I deliberated for some time. I wanted a bike that was simple and robust, with a predictable steady speed that wouldn’t be asking me to constantly think about how I was riding. The solution was the old steel, fixed-gear bike. On this bike I would only be able to go at the speed the gearing allowed and having chosen the main road route, it would be smooth enough for the fixie to be a practical solution.
Finally, when to set off to ensure a good experience? This took some planning to practice the ride and estimate recovery at the other end. I decided on a fixed time to set off on the fixed gear bike – a theme was developing!
With plenty of lights and reflective strips attached I began my cycle commute. My logic was simple. Car drivers are isolated from the world around them, so I wanted them to care about me on their commute to work as the rider they ‘always’ see. How do you connect with people? You make a massive effort to be nice.
Every single car that made the slightest effort to give me room on the road got a wave, not necessarily for them to see but for the driver behind who saw me waving at the car ‘making an effort’. It was a lot of waving! After a month, travelling at the same time every day the improvement in drivers’ awareness was incredible. How do I know? Massive clearance on overtakes; hazard warning light winks; not overtaking when there is slow moving traffic; cars I recognise stopping traffic to let me out and cheerful horn honking.
Some days it’s hard to keep waving, I’ve got it down to a kind of salute now, but not only is it keeping me safe I feel connected with ‘my’ car drivers. The sense of wellbeing for me is massive, I can literally see the impact of positive relationships.

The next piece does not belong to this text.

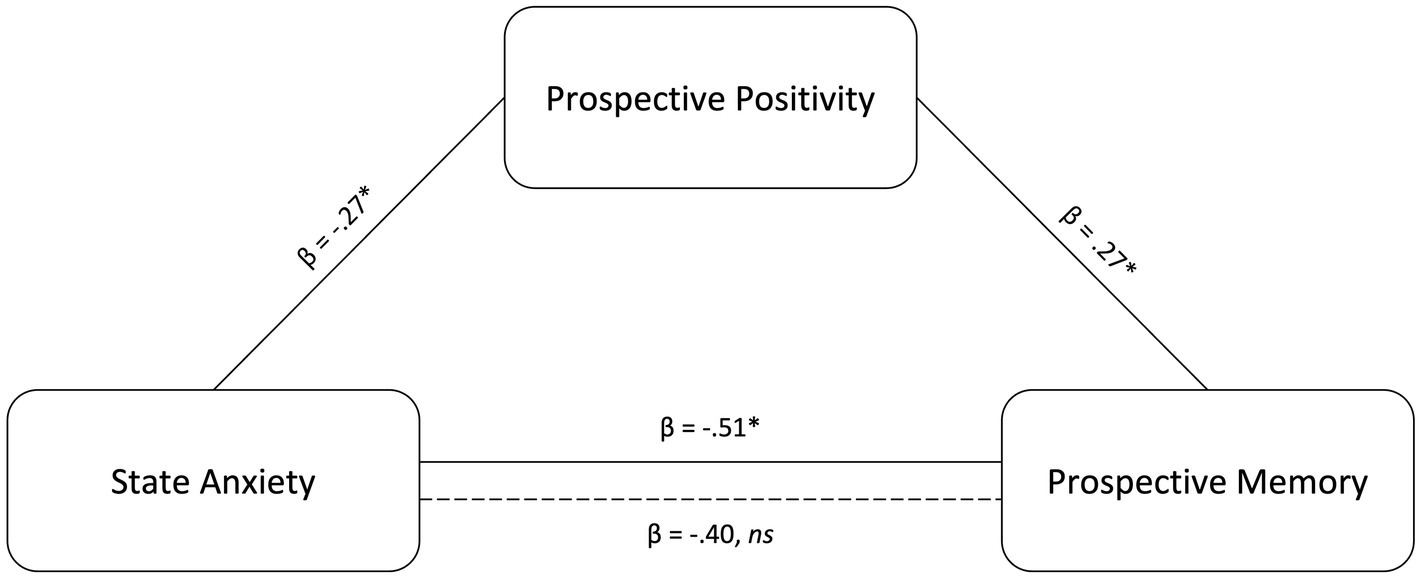 The results demonstrated that, when controlling for age and gender, higher state anxiety was significantly associated with lower PM accuracy (β = −0.27, p = 0.020) and lower prospective positivity amplitude (β = −0.04, p = 0.021). Lower prospective positivity amplitude was significantly associated with lower PM accuracy (β = 0.27, p = 0.015). Higher state anxiety was significantly indirectly associated with lower PM accuracy mediated by lower prospective positivity amplitude (ab = −0.11, p = 0.047).

What about lorries? I make a point of trying to remember the ones that go out of their way to keep me safe and ring up their companies to thank them – Hanson’s Cement, Ruttle and Covent Garden Soup Deliveries – AWESOME DRIVERS!
What to do about the close passers? Getting angry only makes it worse. Hopefully they will see my positive interactions with drivers who pass me considerately and realise their error.
Cycling to work, for wellbeing, is the art of fixing lots of stuff with one activity: physical health, green agenda, de-stressing and improving mental health. Who says I can’t multi task? Try it – I’m sure you can too.
Carvel’s story made us think of the wonderful Loffi gloves that several members of the Love to Ride team bought through their Kickstarter – these excellent cycling gloves are designed to foster friendly communication between people on bikes and other road users. We got Carvel a pair and he loved them so much that he made a fender flap to match! Join us for Ride to Work Week (you can register in one minute at lovetoride.net) and you could win a pair of Loffi’s smiling gloves or get a hefty discount – Spread the Glove!
Dan works at the University of Huddersfield and joined Love to Ride for Cycle September 2017. We’re encouraging all our members to set themselves a cycling goal for this year and Dan replied on Facebook that his is to save £1,000 by riding to work instead of driving. Here’s his cycling story:
What was the single most effective method you found to begin riding to work?
Sorry, I didn’t have a method. I tried it, hated it, stuck at it and became a convert!
Did anyone encourage you?
I had the encouragement of my wife and family. Sometimes I am tempted to drive and my wife gently reminds me that I have a bike in the shed! I also had friends that rode and they chatted to me about their love of riding. Their chats shifted my perspective from “it’s a way of getting to work” to “this is something that I could grow to like” and, actually, I have fallen in love with cycling.
What benefits have you experienced from riding to work?
I would count all of the following benefits equally because they all make a valuable contribution to my well-being in their own way. None are more important than the other, but all matter a lot!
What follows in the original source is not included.